MATLAB: Sorting and storing character and numeric values

cell arrayscharacternumericsorting

Hi everyone, I'm still trying to grasp Matlab so bare with me.
I have a dataset that I import from a csv file that has one text column and the rest are float columns. What I want to do, is be able to sort the rows by the numeric values but still retain the text column. My problem is that I am not sure how to go about this. I've tried cell arrays and have had little luck. What is the ideal Matlab approach for going about this?
Thanks, mattg555

Best Answer

One approach may be to do something like the following - separate the text data and numeric data into two separate matrices. Both would have the same number of rows, say M, with the text (cell) array having only the one column and the numeric data matrix having N rows for each of the N different columns of numbers. Call these matrices/arrays textData and numericData. (Note that the textData is most likely a cell array because you may allow different string lengths for each row.)
Now append a column to the numericData matrix, with values from 1 to M (so row i is assigned the value of i). This column will act like a series of unique identifiers for the numeric data, and will in fact be indices into the textData array so no matter how we sort our data in the numericData array, the identifier can always be used to refer back to the text string in textArray. (So now numericData is a Nx(M+1) matrix.) The code for doing this appending is simply:
[M,N] = size(numericData);
numericData = [numericData [1:M]'];
So now you want to sort the rows by the numeric values.
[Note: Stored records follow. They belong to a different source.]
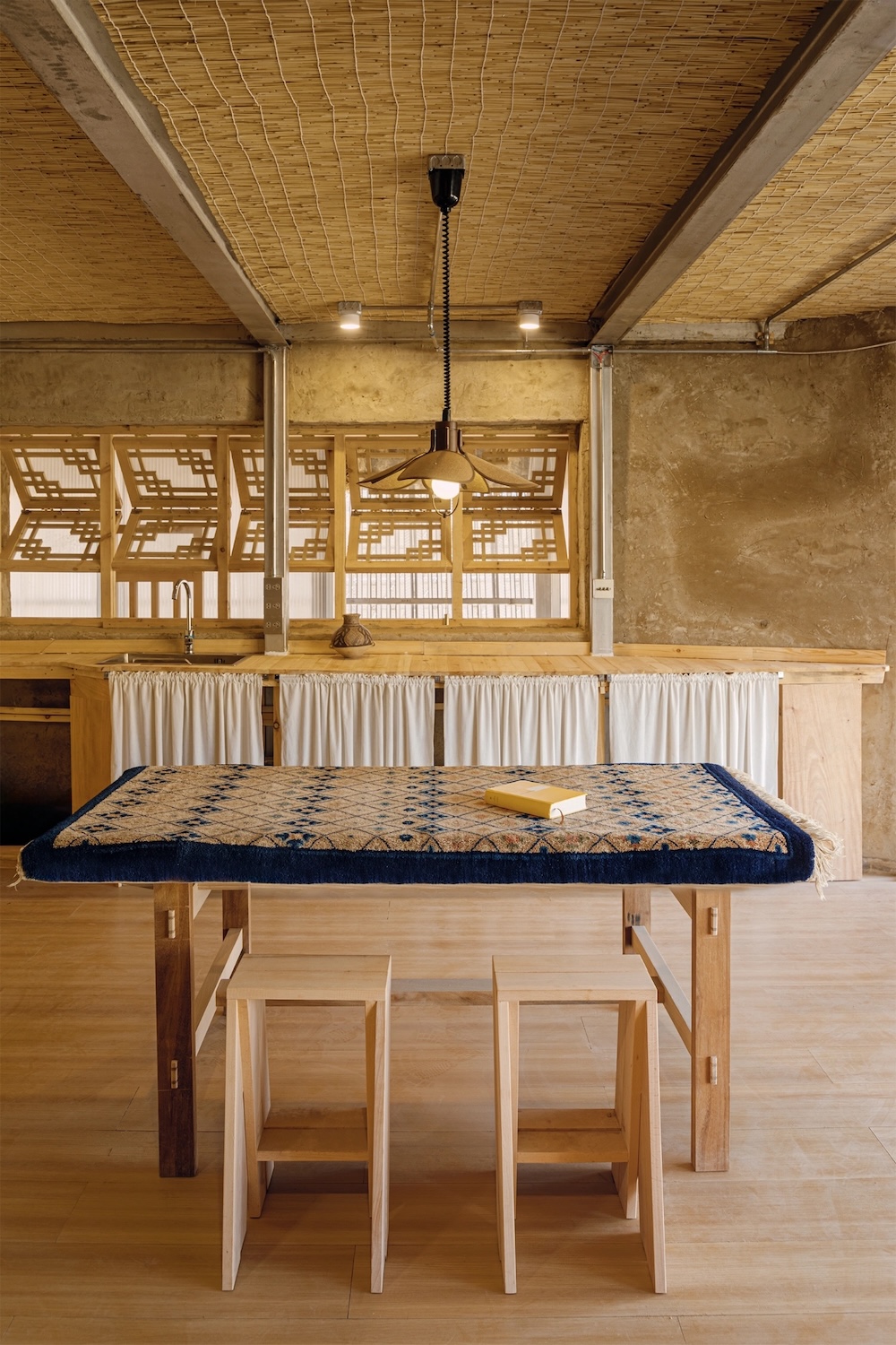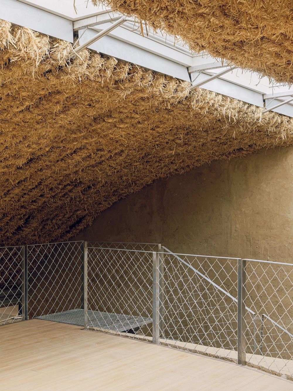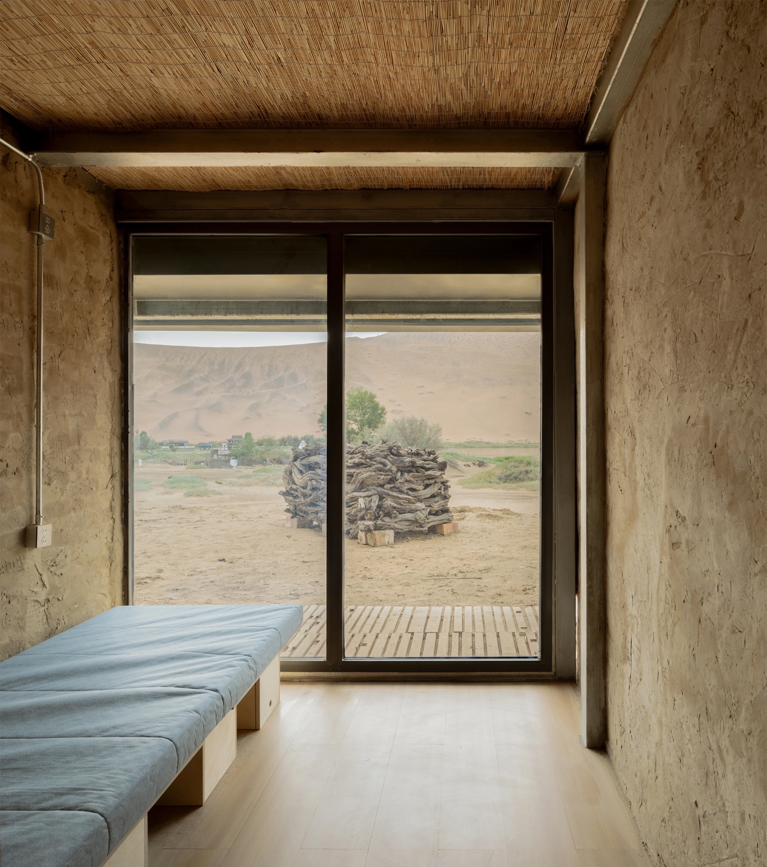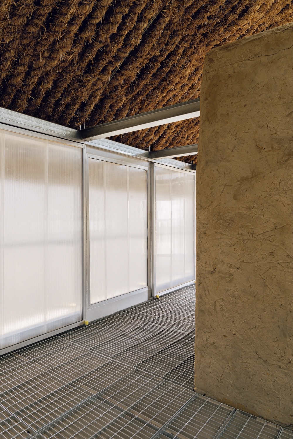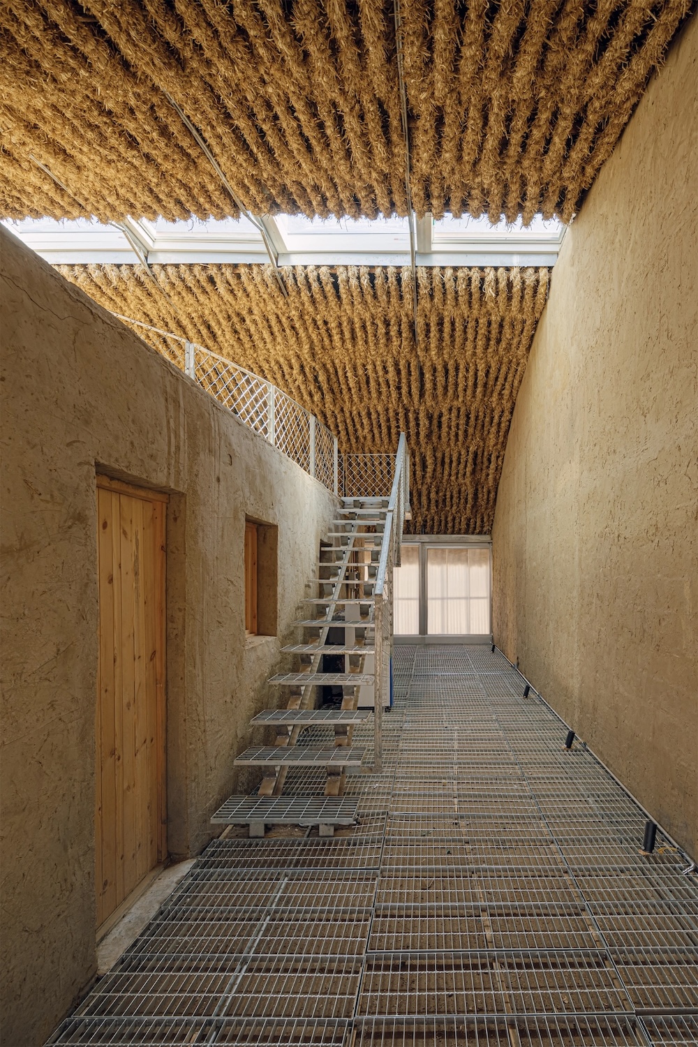 Les murs en briques de paille isolent et ancrent la maison dans la culture matérielle du désert, tandis que l’enveloppe crée un espace intermédiaire flexible, un espace clos pour les activités communes, la préparation des repas et le stockage saisonnier.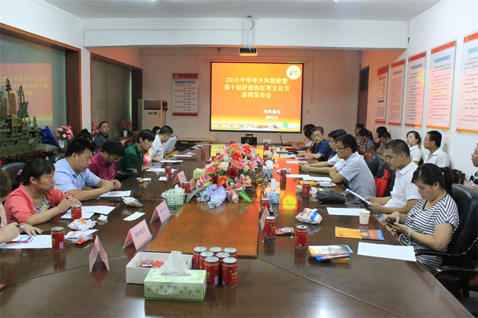 本报讯 中华枣乡风情游暨银河集团(galaxy)红枣文化节已成功举办九届,今年将举办第十届。2012年8月20日上午9点,在银河集团(galaxy)枣业股份有限公司工业园区办公楼三楼会议室召开中华第十届枣乡风情游新闻发布会,本次新闻发布会由新郑市委宣传部、新郑市旅游文物局和银河集团(galaxy)枣业股份有限公司共同召开,并邀请到河南电视台都市频道、郑州电视台、新郑电视台、新浪网、腾讯大豫网、大河报、中国旅游报、河南商报、郑州日报、郑州晚报等新闻单位和省内多家旅行社的代表参与。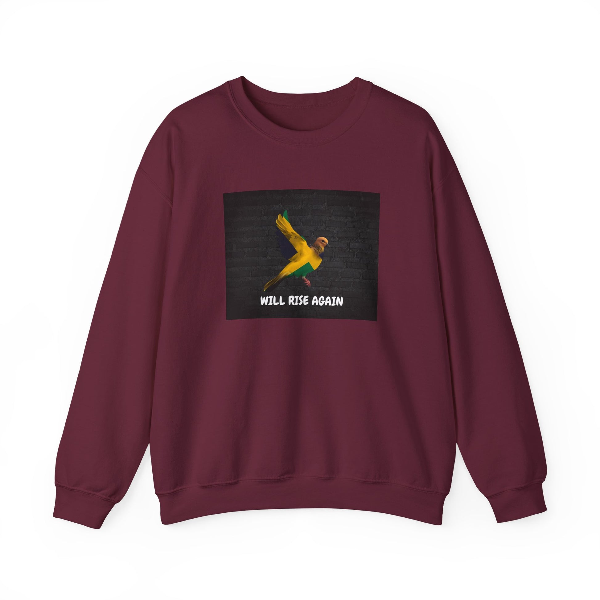 Soft, roomy, and quietly bold — this crewneck pairs everyday comfort with a small, meaningful statement. The front image of a rising bird and the understated caption “WILL RISE AGAIN” sits on a clean background, giving the sweatshirt a calm, hopeful energy. Wear it on slow mornings, during long city walks, or layered under a jacket when the weather turns. The medium-heavy cotton blend holds shape and warmth without feeling heavy, while the tubular knit and double-needle stitching keep the silhouette smooth and durable. It’s the kind of sweatshirt you reach for when you want to feel steady and quietly resilient.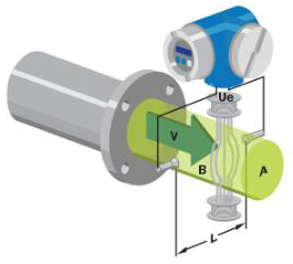 該電壓由安裝在管道式電磁流量計主體中的感應電極檢測,并發送到變送器,變送器根據管道尺寸計算體積流量。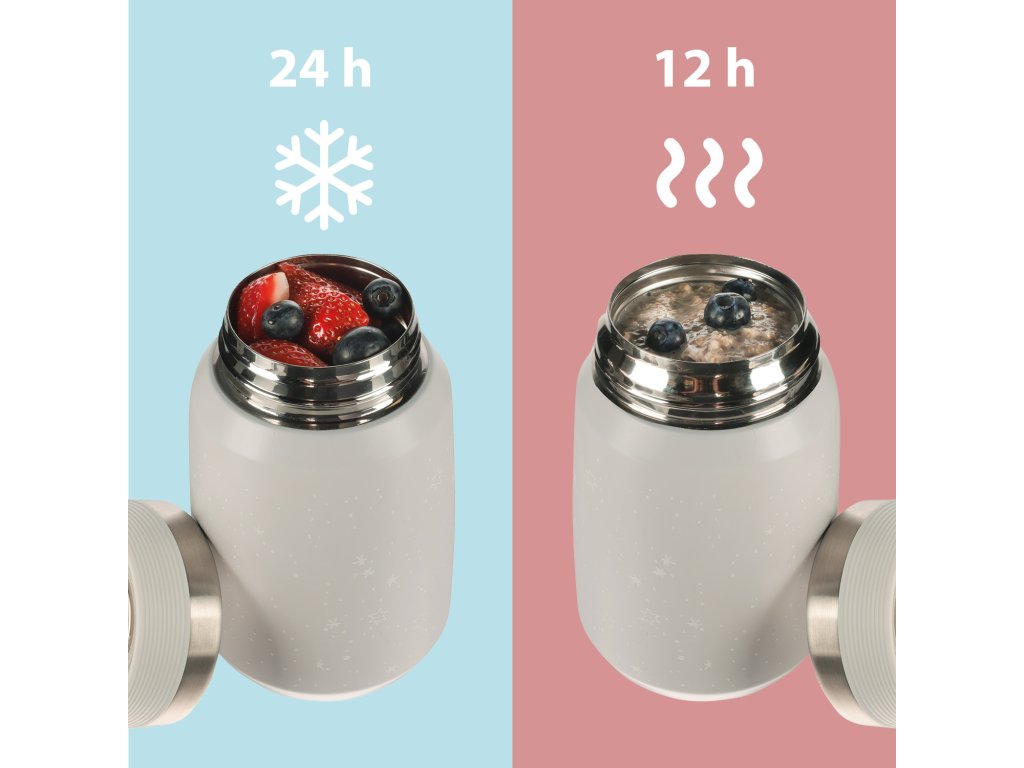 Kvalitní termoska na jídlo a příkrmy o objemu 500 ml uchovává horké jídlo až 12 hodin, studené až po dobu 24 hodin. Je vyrobena z kvalitní nerezové oceli, která je odolná vůči korozi. Těsné víčko zajišťuje, že termoska neprotéká. Díky vakuové izolaci se termoska při naplnění horkým obsahem nezahřívá z venku.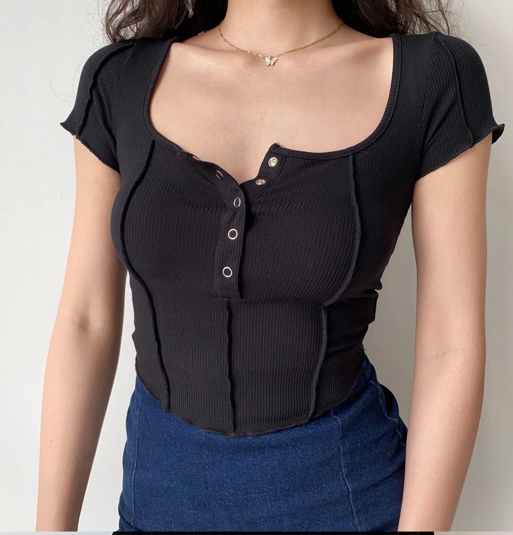 Product Name: Clafoutis pack of 2 women new design button down crop top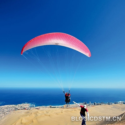 听旅店老板说,伊基克城北有座沙石山,经常有人从山上往下跳——不是自寻短见,而是乘风飞翔。由于终年阳光普照气候稳定,再加上陡峭的悬崖、广阔的大海、柔软的沙丘和上升的气流⋯⋯种种条件使伊基克成了南美大陆顶级滑翔伞场所。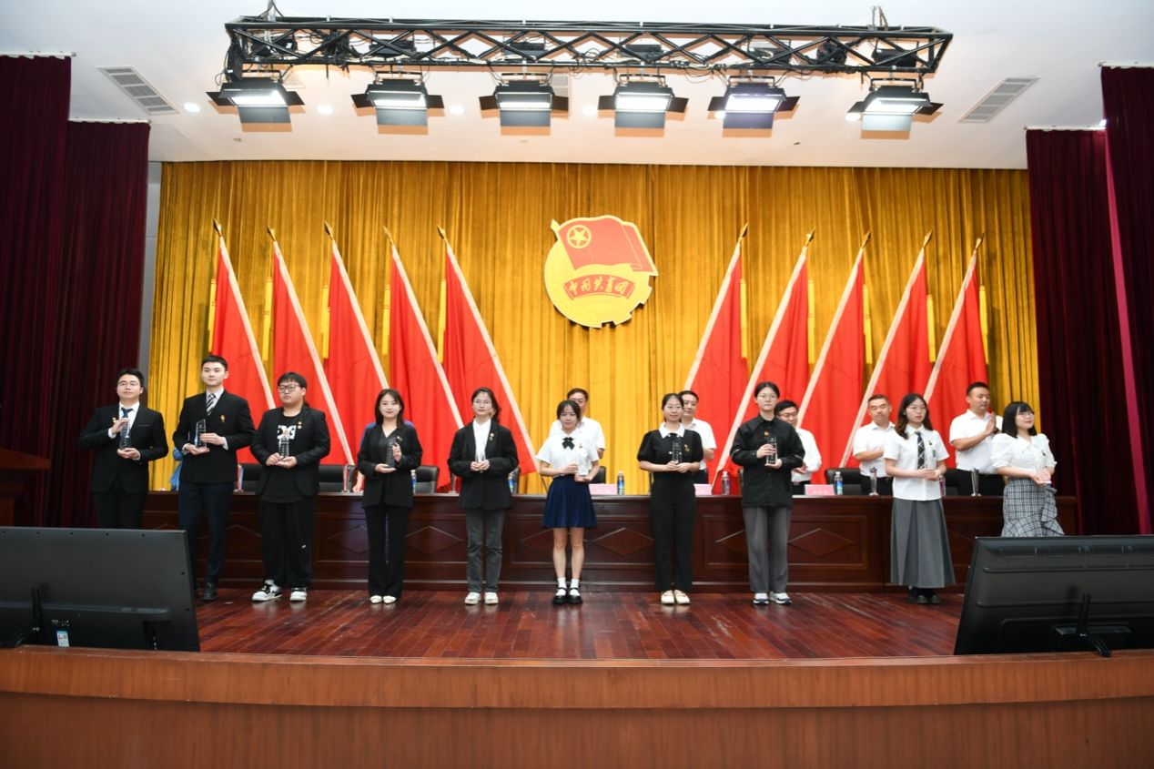 主席台就座嘉宾分别为获奖先进团体及优秀个人颁奖。“十佳共青团先进工作者”历史文化学院团委书记陈卓君、“芙蓉学子社会实践奖”旅游学院“云聚童心·乡绘曦望”志愿服务团队作代表发言。
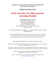 This module, from Support Center for Microsystems Education (SCME), introduces students to common etch processes used in the fabrication of microsystems. Etch terminology, purpose, and processes are covered in the module. The included activities "allow students to demonstrate...

Do you mean to sort on the first column, second column, etc.? If that is the case, then you can use the sortrows command, and indicate the column order of the sort. For example, if your numericData is:
numericData =
95 45 92 41 13 1 84
95 7 73 89 20 74 52
95 7 73 5 19 44 20
95 7 40 35 60 93 67
76 61 93 81 27 46 83
76 79 91 0 19 41 1
then we append the id column as:
[M,N] = size(numericData);
numericData = [numericData [1:M]'];
numericData =
95 45 92 41 13 1 84 1
95 7 73 89 20 74 52 2
95 7 73 5 19 44 20 3
95 7 40 35 60 93 67 4
76 61 93 81 27 46 83 5
76 79 91 0 19 41 1 6
Then we sort on the first column, second, etc. as
numericData = sortrows(numericData,[1:N])
numericData =
76 61 93 81 27 46 83 5
76 79 91 0 19 41 1 6
95 7 40 35 60 93 67 4
95 7 73 5 19 44 20 3
95 7 73 89 20 74 52 2
95 45 92 41 13 1 84 1
All the data is sorted by column, and each row still has its unique identifier (in the last column) so we can easily refer back to the text string for that row.